Percy stood, pushing himself up from the hay. He came over to her and took her hands in his own. He wanted to tell her that she must choose her side, and that her choice must lie with him, for he did love her. He looked at her, and all he saw was the liquid beauty of her eyes and the shining, rosy moisture of her slightly parted lips.

He kissed her.

He held her fragile chin in his hand, and he kissed her. Her lips were parted and she offered him no protest, and he filled her mouth more fully with the taste and texture of his own, sweeping each sweet crevice with the seduction of his tongue. Her arms were around him too. Hesitantly, she returned the kiss. Her hands fell upon his shoulders; then she grew bolder, and her fingertips raked through his hair. She darted the pink tip of her tongue against his lips and over his teeth.

He swept his arms around her hard, and he brought her to the hay, still kissing her. And when they fell there his lips continued to know her, to seek, to devour, to savor, and taste. He stroked her throat with the brush of his fingers, and he kissed it. Her breasts, high, young, firm, beautiful, were pressed full against her bodice, and he buried his face within their shadowed seduction. He felt her tremble, and he rose above her and saw that her breath came fast and shallow, that her eyes, wide and dilated, were upon him with the cornflower color of a cloudless day, innocent, and beautiful...

And trusting.

His own hands trembled.

He set them against her bodice, pulling upon the ribbons there and the ties and the bindings. Her breasts spilled free to him, and his caress upon them was the most tender touch he had ever dealt. And then tenderness was lost because a passion unlike any he had ever known seized hold of him, and he meant to seduce her quickly, and with no mercy.

Tease him,
Henry had ordered her.
Flirt and cajole, and play the haughty minx, my dear, as you are so very fond of doing. Laugh and smile and bat your lashes, for the fool is falling in love with you. Talk to him, and bring me names and dates and places.

Talk to him...

Her brother's words left her mind as quickly as they had come, for Henry was the fool. Percy was different.
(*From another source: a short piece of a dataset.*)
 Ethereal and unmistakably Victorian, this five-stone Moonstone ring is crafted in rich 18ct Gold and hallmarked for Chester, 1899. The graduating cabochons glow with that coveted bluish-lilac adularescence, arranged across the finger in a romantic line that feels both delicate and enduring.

And she was the fool, for she was falling in love with him. She could not flirt; she could not cajole. Henry did not understand; this was no boy, but a man. She could do nothing but follow his lead, and where he led, she ached to go.
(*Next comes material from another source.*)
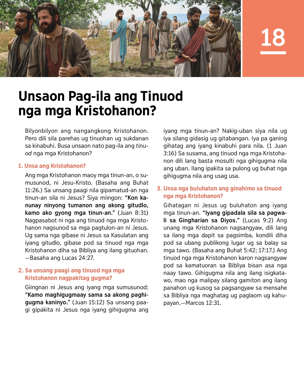 Ang mga Kristohanon maoy mga tinun-an, o sumusunod, ni Jesu-Kristo. (Basaha ang Buhat 11:26.) Sa unsang paagi nila gipamatud-an nga tinun-an sila ni Jesus? Siya miingon: “Kon kanunay ninyong tumanon ang akong gitudlo, kamo ako gyong mga tinun-an.” (Juan 8:31) Nagpasabot ni nga ang tinuod nga mga Kristohanon nagsunod sa mga pagtulon-an ni Jesus. Ug sama nga gibase ni Jesus sa Kasulatan ang iyang gitudlo, gibase pod sa tinuod nga mga Kristohanon diha sa Bibliya ang ilang gituohan.—Basaha ang Lucas 24:27.

She moistened her lips, staring up at him. She had to stop this now. “Percy!” Her voice was breathless. “No! We mustn't—”

“Why did you come?” he demanded harshly, his eyes nearly black.

“Because—”

“Why?” The single word was snapped so abruptly she felt as if she had been physically struck.

“Not for this—”

“So you do play the tart, the tease, the whore—”

She slapped him with all her strength. Startled, he brought his hand to his face. Katrina shoved against him, struggling from beneath him. “Don't you ever—”

“No!” She was upon her knees. He caught her wrists. He dragged her back to him, holding her close. “Damn you, Katrina Seymour! It is over, haven't you understood? If you come to me as a woman, then so help me, I will have you as one!”